The restaurant was L-shaped, and my table was round the corner from where the waitress had her base. To get to me she had to turn the corner and walk about thirty paces. Each time she made this journey she did so with a very elegant and slinky walk (accentuated by the figure-hugging longish dress she was wearing), smiling seductively the whole time, her long fair hair almost streaming behind her. I gave my order and sat in silence for a little while, watching the people moving up and down the Rue Gerando. Mostly the pedestrians consisted of young fathers (no women for some reason) collecting their children from the nearby lycée. The fathers walked holding hands with their daughters, carrying their sons on their shoulders, striding side by side talking to the older children.

The waitress brought me a half-bottle of Sancerre and some mineral water. Shortly afterwards the first course arrived - asperges violettes poulées a l’huile d’olive parfumée a la truffe (asparagus with truffles). This is possibly the most delicious food I have ever eaten (I cannot remember enjoying any course so much, not in Paris or London or New York).
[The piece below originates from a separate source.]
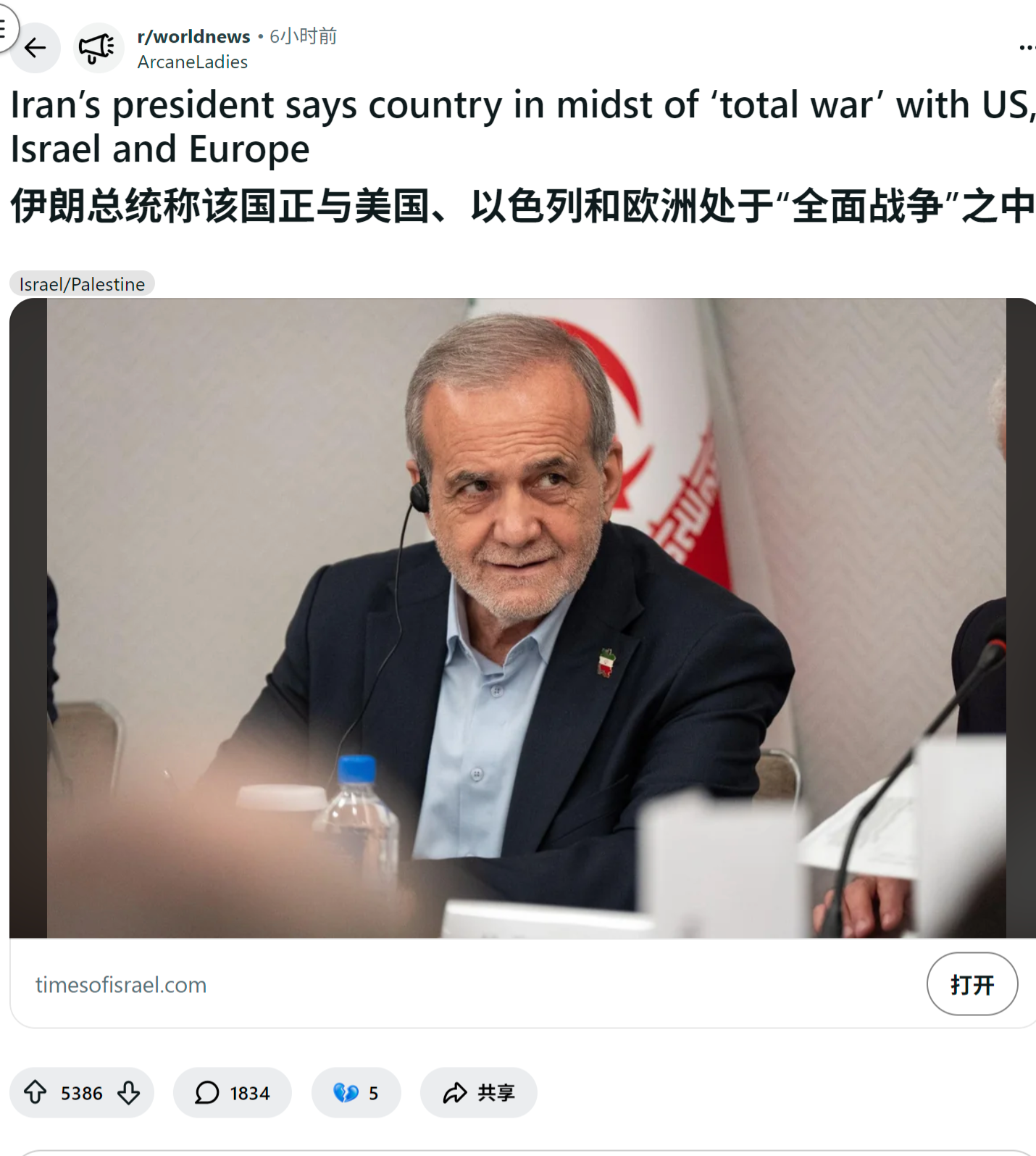 reddit爆火 伊朗总统称该国正与美国、以色列和欧洲处于“全面战争”之中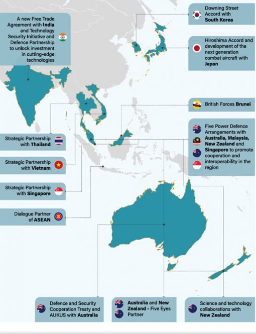 Birleşik Krallık Taşıyıcı Vuruş Grubu, Hint-Pasifik bölgesine çok uluslu bir göreve gönderildi. 16. Coğrafyamızın, güvenliğimizin ve ticaretin sert gerçekleri, Euro-Atlantik bölgesinin "Önce NATO" yaklaşımımızın bir parçası olarak önceliklendirilmesini zorunlu kılmaktadır. Ancak Rusya, Çin, İran ve Kuzey Kore gibi ülkelerin, bazen fırsatçı bir şekilde, bazen de stratejik bağları derinleştirerek farklı harekat alanlarında işbirliği yaptığına dair kanıtlar, Euro-Atlantik'in, Orta Doğu ve Hint-Pasifik gibi halihazırda güçlü ortaklıklarımızın bulunduğu farklı tiyatrolarla olan birbirine bağlılığını göstermektedir. SDR'nin belirttiği gibi, Euro-Atlantik'ten sonra bunlar, Birleşik Krallık savunması için ek iki öncelikli bölgedir. 17. Dahası, günümüz dünyasında uluslararası gücün dağınık ve yayılmış doğası, yakın çevremizin ötesine bakmamızın doğrudan bir ulusal çıkar (hard national interest) meselesi olduğu anlamına gelmektedir. İşte bu nedenle, dünyanın diğer bölgelerindeki dinamik ve yenilikçi ekonomilerle modern ortaklıklar kurmayı hedefliyoruz. Özellikle, birçoğu İngiliz Milletler Topluluğu (Commonwealth) ülkesi olan ve güçlü bir çıkar birliğini paylaştığımız, coğrafi olarak dünyaya yayılmış bir ülkeler grubu bulunmaktadır. Bu grup, Kuzey Atlantik'te Kanada'dan Okyanusya'da Yeni Zelanda'ya kadar uzanmakta; Körfez Ülkeleri, Hindistan, Singapur, Güney Kore, Endonezya, Japonya ve Avustralya'yı kapsamaktadır. Bu hızlı büyüyen ve gelişmiş ekonomiler; malların ve kaynakların serbest ticaretine, siyasi istikrar üzerine inşa edilmiş finansal piyasa güvenine, deniz güvenliğine ve s. 35 uluslararası deniz hukukunun öngörülebilir şekilde uygulanmasına dayanmaktadır. Ekonomik zorlama (coercion) ve uluslararası ekonomik düzenin büyük güçlerin etki alanlarına bölünerek parçalanması riskine karşı onlarla birlikte çalışmakta ortak bir çıkarımız bulunmaktadır. 18. Doğrudan bölgemizin ötesinde, diplomatik, insani, askeri ve refah alanındaki katkılarımız aracılığıyla, toplam 60 milyar sterlinlik ticareti de kapsayacak şekilde Orta Doğu'daki güvenlik ve istikrara katkıda bulunmayı taahhüt ediyoruz. Bölge, ticaret, yatırım, enerji ve insani yardım da dahil olmak üzere Birleşik Krallık için çok çeşitli öncelikler açısından çok önemli olduğu gibi, yüz binlerce Britanyalı vatandaşın da yaşadığı yerdir; bu nedenle Orta Doğu ve Kuzey Afrika’daki uluslararası güvenlik tehditleri doğrudan Birleşik Krallık çıkarlarını etkiler. Birleşik Krallık’ın bölgeye katkısı, DEAŞ’ı yenmek için Küresel Koalisyon’a destek, Birleşik Deniz Kuvvetleri ve Kızıldeniz'de seyir özgürlüğünü güvence altına alma çabalarını kapsamaktadır. Körfez ile derin ve kalıcı ikili ilişkilerimiz vardır; bölgedeki geniş kapsamlı stratejik ortaklıkları da içeren bu ilişkiler çerçevesinde Körfez İşbirliği Konseyi ile serbest ticaret anlaşmasını güvence altına almak için çalışıyoruz. Güvenli ve emniyetli bir İsrail ile iki devletli çözüm çerçevesinde Filistin devletliğinin ilerlemesini sağlama taahhüdündeyiz. Hem İsrailliler hem de Filistinliler barış, refah ve güvenlik içinde yaşama hakkına sahiptir. İran’ın istikrarsızlaştırıcı etkisini sınırlamak ve nükleer silah geliştirmesini önlemek için çalışıyoruz. 19. Hindistan, uluslararası sistemi şekillendirmede büyüyen bir role sahip, gerçek bir stratejik ortaklık aradığımız bir ülkedir. Yeni serbest ticaret anlaşmamız, dünyadaki en hızlı büyüyen ekonomilerden biriyle ticari bağları güçlendiren ve tarife engellerini azaltan önemli bir anlaşmadır. Teknoloji Güvenliği Girişimimiz aracılığıyla, gelişmiş teknolojilerin ön saflarında çığır açan yetenekler geliştiriyoruz ve Savunma Ortaklığımız aracılığıyla yetenek geliştirmeleri konusunda işbirliği yapıyoruz. 20. Birleşik Krallık'ın Hint-Pasifik'teki ikili ilişkileri ve ortaklıkları, paylaştığımız refahın bağlı olduğu uluslararası güvenliği artırmak için tasarlanmıştır. Bunlar arasında, Kore Cumhuriyeti ile Küresel Stratejik Ortaklık, ABD ve Avustralya ile Savunma ve Güvenlik İşbirliği Anlaşması ve AUKUS, İtalya ve Japonya ile yeni nesil savaş uçağının ortak geliştirilmesine yönelik Küresel Muharebe Hava Programı (GCAP) ve Yeni Zelanda ile bilim ve teknoloji işbirliği yer almaktadır. Birleşik Krallık'ın Uçak Gemisi Taarruz Grubu'nun bölgeye seyrüseferi ile bölgedeki istikrar taahhüdümüzü vurgulayacak, Birleşik Krallık'ın serbest ve açık bir Hint-Pasifik taahhüdünü yeniden teyit edeceğiz. Ayrıca, AUKUS, Malezya, Yeni Zelanda ve Singapur'daki ortaklarımızla birlikte çalışabilirliği ve işbirliğini teşvik etmek için Beş Güç Savunma Düzenlemeleri'ne (Five Power Defence Arrangements) yatırım yapmaya devam edeceğiz, bu da Birleşik Krallık'ın geçen yıl BERSEMA LIMA 24'e katılımıyla kanıtlanmıştır. 21. Güney Çin Denizi ve Tayvan Boğazı'nın merkeziliği, küresel ticaret ve tedarik zincirleri için kilit bir deniz yolu olarak Tayvan Boğazı'nın bölgesel istikrarı için önemini vurgulamaktadır. Tayvan sorununun, güç veya zorlama tehdidi olmaksızın, her iki tarafça yapıcı diyalog yoluyla barışçıl bir şekilde çözülmesi gerektiği konusunda kararlıyız. Mevcut durumu tek taraflı olarak değiştirmeye yönelik herhangi bir girişimi desteklemiyoruz. Tayvan ile gayri resmi ilişkimizin bir parçası olarak, paylaşılan demokratik değerlerle desteklenen geniş bir yelpazedeki alanlarda bağları güçlendirmeye ve büyütmeye devam edeceğiz. s. 36 22. AUKUS programı, Birleşik Krallık savunması ve kolektif güvenliği için, "Önce NATO" ancak yalnızca NATO olmayan bir yaklaşı

Next I had Andouitte de Troyes dressée a la main purée maison (tripe sausages, very hot). This savoury dish was simultaneously delectable and nauseating. I can’t really explain the experience - I loved eating the sausages, but at the same time I felt an involuntary urge to be sick (thankfully I wasn’t).

Finally I had Griottes de Sarlat a l’ancienne et glace vanille (cherries in an alcoholic sauce - from the Sarlat region, which has a tradition of preserving fruit in liqueurs). The restaurant was beginning to fill up. The waitress had put on a CD of Beatles songs (Penny Lane, Let It Be, Lady Madonna) and swayed to the music as she brought me the bill.

At the Gare du Nord the Eurostar train departs from an upstairs mini-terminus. My last effective view of Paris was looking down from the Eurostar balcony to the main station concourse where armed paramilitary police were prowling through the crowds of passengers. And (in a self-satisfied contemplation that could have been articulated by the woman in the Café Lenotre) I thought: whatever the social and security problems in London, the police do not routinely carry guns through public areas.